Home prices in July rose 12.4 percent from July 2012 - the biggest increase in 7-1/2 years. And the sales at high end of the market – homes priced at $1 million or more – are selling at nearly triple the pace of everything else.
Joshua Golden works in the most expensive segment of one of the priciest housing markets in the country, selling hotel penthouses and luxurious single-family homes in Boston's posh Back Bay, South End, and Beacon Hill neighborhoods. For him, 2013 has been very busy.
"Buildings that people didn't want to touch during the crash are now considered very desirable," says Mr. Golden. Units in the yet-to-be-completed Millennium Place luxury condo project are 70 percent sold, and pre-owned luxury real estate is becoming so scarce that there's "really nothing to show individuals."
As demand for homes ramps up and inventory of available homes, tightens, home prices in the United States are rising fast. According to the latest read of the Case-Shiller 20-city home price index, prices for existing homes rose 0.6 percent in July, and they've jumped 12.4 percent since July 2012 – the biggest increase since February 2006.
In terms of sales pace, the high-end of the market has been particularly hot. High-wage workers, investors, and foreign buyers are snapping up luxury homes and pushing up prices. Sales of existing homes priced over $1 million surged 37 percent in the first half of 2013, triple the growth of the housing market as a whole, according to real estate research firm DataQuick. In some areas, including California's Santa Clara County (the heart of Silicon Valley) and San Francisco, it costs $1 million or more to buy a midrange home. Indeed: San Francisco had the second-largest yearly price jump of the 20 cities listed on the index, with prices there jumping 24.8 percent from a year ago. San Francisco's surge was topped only by Las Vegas, which saw a 27.5 percent year-over-year increase.

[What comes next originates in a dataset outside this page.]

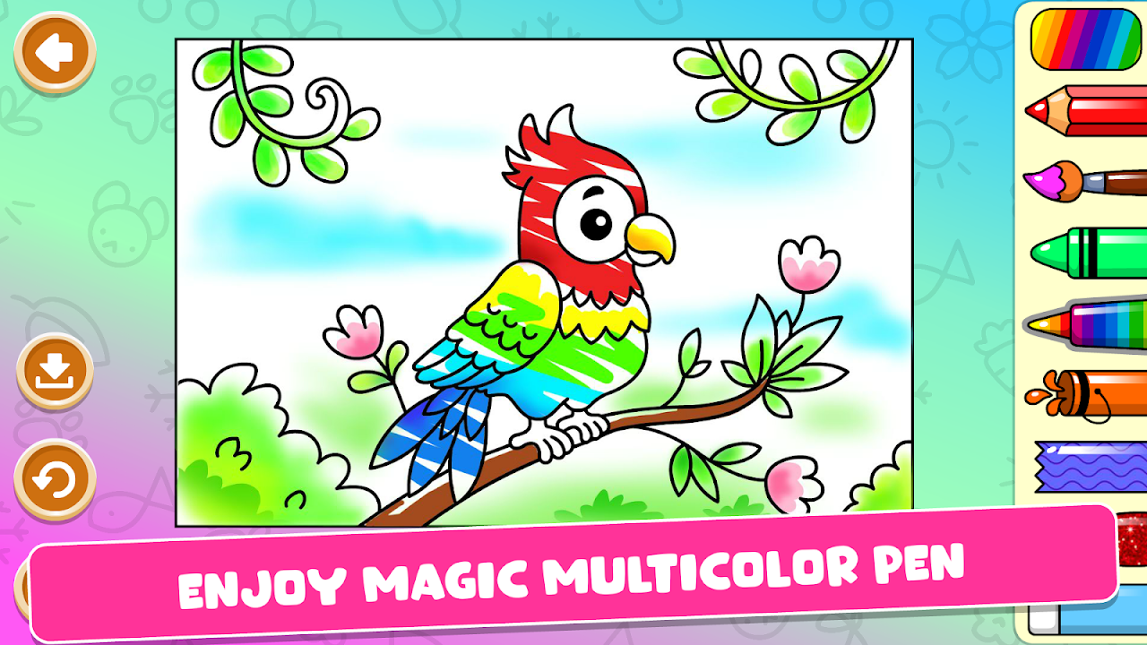 Unlike other coloring games, this game has many different coloring pages with cute drawings and pictures for your children to color in various themes like Farm, Jungle, Birds, etc.

The surge in luxury home sales came later than the housing recovery for lower-end properties and the market will cool off, analysts predict, but for now business is booming.
"It makes sense for there to be a delayed effect on the high-end market, because you have buyers who want to make sure that the market has truly bottomed out before jumping in," says Daren Blomquist, vice president of RealtyTrac, a real estate information firm based in Irvine, Calif.
"The lower end will be the first to recover because that's where you have the most buyers and the least risk," he adds. "Also, in many markets the lower end has kind of been tapped out in terms of inventory and buyer appreciations. Investors who are flipping properties are moving on [to more expensive projects]. They're more willing to take bigger risks [than] in the past year and a half."
Two types of buyers seem to be driving the surge. In areas like Boston and Silicon Valley, a heavy concentration of high-wage tech workers are pinching the inventory of homes available in the $1 million to $2 million range, driving up prices.
In other cities, international investors are leading the charge, lured to the US by some of the lowest luxury real estate prices in the developed world and, often, pushed by economic uncertainties in their home countries. According to a study released by the National Association of Realtors in June, foreign buyers were responsible for 6.3 percent of the US existing home sales market in the past year, ending in March. They injected $68.2 billion into the housing market. And they were heavily concentrated in warm-weather states, such as Arizona, Texas, California, Nevada, and especially Florida.
In Miami, where sales of homes priced at $1 million or more are up 35 percent from a year ago, according to the Multiple Listing Service, purchases by foreign buyers make up the bulk of the city's luxury market – somewhere between 65 and 70 percent, says Coldwell Banker real estate agent Mike Brunnberg, the managing broker of the firm's office in Aventura, Fla., who sells high-end homes in Miami and Fort Lauderdale, Fla. And they are driving the city's high proportion of cash transactions (52 percent, according to MLS).
"We're relatively inexpensive compared to the rest of the world's top cities," Mr. Brunnberg says. "It's inexpensive to eat, we don't have state taxes, the rental market is cheap in relation to the rest of the world, and that's good for investors. Weather here seven months out of the year is probably the best. It's easy to get here from all parts of the world."
The influx of outside investment and all-cash payments has "helped the down market recover a lot quicker" than it would have with just domestic buyers struggling with tighter post-bubble financing standards, says Clark Toole, president and chief operating officer of Coldwell Banker in Florida. But now, as the housing market improves and interest rates rise, the luxury market should slow to a more normal pace, analysts predict.
"I do think it's certainly going to level off," Mr. Blomquist says. There was "a flurry of activity to get in as close to the bottom as possible. Buyers are realizing that real estate represents a good value right now, but the rush to get in will slow down along with home prices and the overall market. We're bouncing off the bottom."